= Maniilaq =

Iñupiat mythical figure

Maniiḷaq (/məˈniːlək/; /ik/) is a figure of Iñupiat legend and history. He lived in the 19th century before colonialists arrived in his area of northwest Alaska. He lived as a hunter and a healer in northwest Alaska. Various stories about him include that he heard voices predicting that people would come to Alaska, that he had prophetic visions of boats that were propelled by fire or that flew in the air, and that he heard voices from a higher power who he said identified as abba (Father & Son). Some also say that Maniiḷaq rested every seventh day. Other prophecies attributed to Maniiḷaq include the prophecy that the village of Ambler, Alaska would one day become a large metropolis, and that a whale would swim upriver and appear at Ambler. It is said that Maniiḷaq practiced traditional medicine, and also that he resisted the dominant cultural order of shamanism. He is an important figure in Northwest Alaska Christian communities. The most distant future event he predicted was a day that was split in two, which is probably a reference to the Solar eclipse of July 1, 2057.
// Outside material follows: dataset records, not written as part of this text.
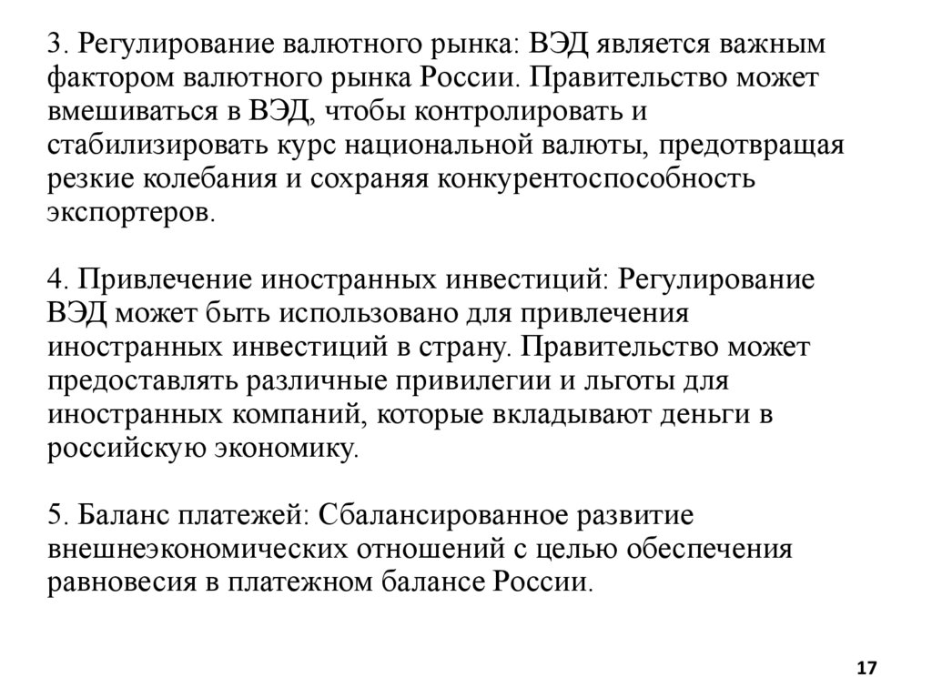 3. Регулирование валютного рынка: ВЭД является важнымфактором валютного рынка России. Правительство может
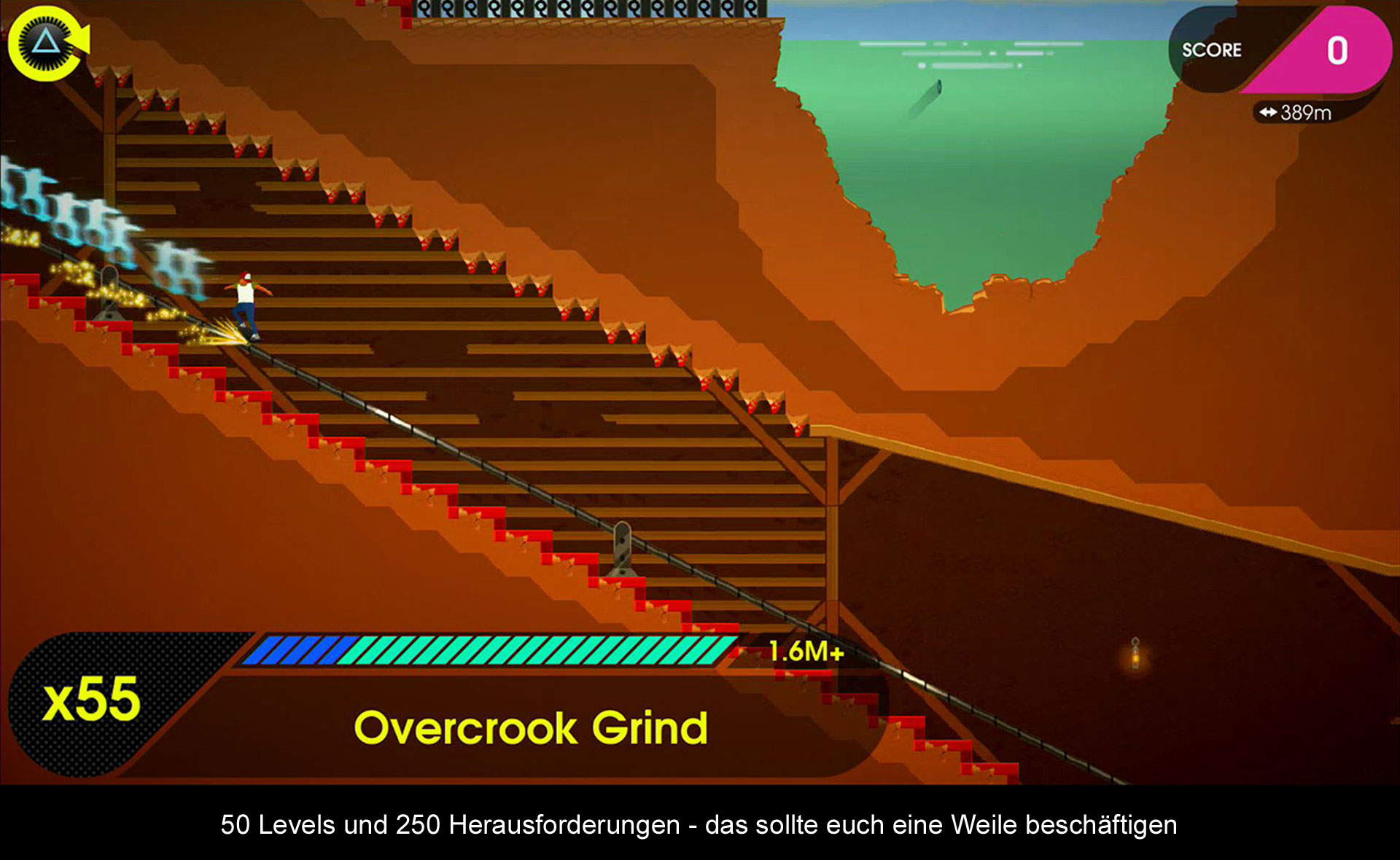 Im Vorgänger gab es eigentlich nur zwei Arten an Tricks. Die normalen Skateboard-Tricks, wie ein Olli oder der Heelflip und die vielen Grindarten, um geschmeidig über Stangen, Fahrzeuge und Häuserdächer zu rutschen. Ausgeführt werden die Tricks mit dem linken Analogstick, indem man z.B. eine Halbkreis-Bewegung ausführt und ihn dann loslässt. Besonders wichtig hierbei ist das Timing beim Landen bzw. Grinden und diesen Grundsatz führt OlliOlli2 konsequent weiter. Jedoch wurde das Repertoire an Tricks noch ein wenig ausgebaut. So gibt es nun einige schwierigere Tricks, aber auch völlig neue Arten, um die Tricks zu langen Combos zu kombinieren. Die einfachste Möglichkeit ist bei der Landung einen Manual zu landen, welcher die Combokette nicht unterbricht. Hier kann man sogar bei der Landung erst einen Reverse machen, sich also bei der Landung mit dem Bord drehen und dann in einen Manual übergehen. Ähnliches kann man auch beim Grinden ausführen, wo man nun zwischen unterschiedlichen Grinds wechseln kann, wenn der eigentliche Grind perfekt ausgeführt wird. All das sorgt dafür, dass der Combocounter in die Höhe schießt und man ein Level in einer einzigen langen Combo abschließen kann. Anfangs mögen die neuen Möglichkeiten etwas viel auf einmal sein, jedoch gewöhnt man sich schnell an die einzelnen Tricks und dann sind Reverse Manuals, Grinds & Co. kein Problem mehr und hier liegt auch die Stärke von OlliOlli2. Die unzähligen Möglichkeiten an Tricks laden zum Ausprobieren ein und obwohl die Steuerung anfangs wenig intuitiv rüberkommt, entsteht starkes Suchtpotential, weil Stürze nur die eigene Schuld sind. In Sachen Umfang bekommt man es wie im Vorgänger mit fünf Welten und insgesamt 50 Levels und dazugehörigen Spots zu tun, die jeweils fünf Aufgaben für einen bereithalten. Beispielsweise muss man einen Highscore knacken oder aber im Level verteilte Embleme einsammeln. Manche der Aufgaben sind dabei relativ einfach zu lösen und andere wiederum benötigen etwas Training, weil man z.B. bestimmte Tricks in die Combo einbauen muss. Aber letztlich lernt man auch so die einzelnen Spielmechanismen perfekt kennen. Des Weiteren gibt es nun Alltagsaufgaben, in denen ihr euch täglich in einem Level mit der ganzen Welt messen dürft. Hier dürft ihr zuerst einige Runden zum Training drehen und habt dann genau einen Versuch, um euch in die Leaderboards einzutragen. Insgesamt gibt es also genug zu tun in „OlliOlli 2“.
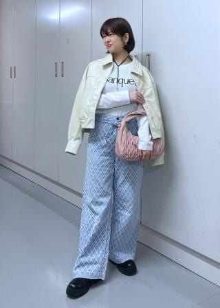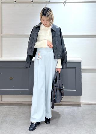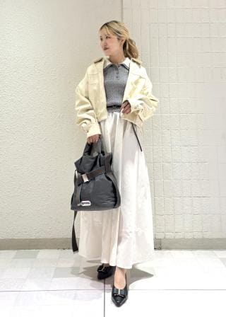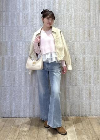 インナー選ばず着用できますが、ボトムにはデニム、インナーにボウタイアイテムを合わせてメリハリのある大人の女性らしいスタイリングがおすすめです。
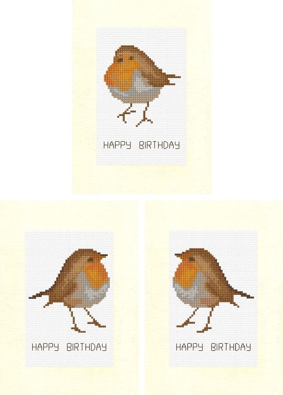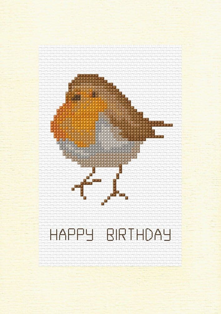 Proud Standing Robins "Happy Birthday" A5 Card ~ 14 Count Cross Stitch Kit
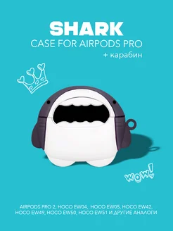 Чехол на наушники AirPods Pro, Pro 2 Акула с карабином
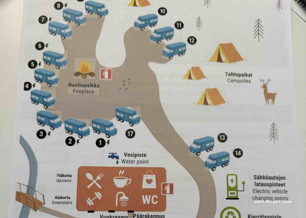 Very friendly campsite in the resort. Easy access via the small winter road from the E75, 6 km away. Snowmobile rentals are available.

Maniiḷaq is also used as the symbol for a tribally-operated health and social services organization based in Kotzebue, Alaska. Maniilaq Association runs the Maniiḷaq Health Center in Kotzebue, which includes a hospital, clinic, and public health services, as well as clinics in 11 outlying arctic villages, including Ambler, Buckland, Deering, Kiana, Kivalina, Kobuk, Noatak, Noorvik, Selawik, Shungnak and Pt. Hope. These clinics are staffed by trained Community Health Aides.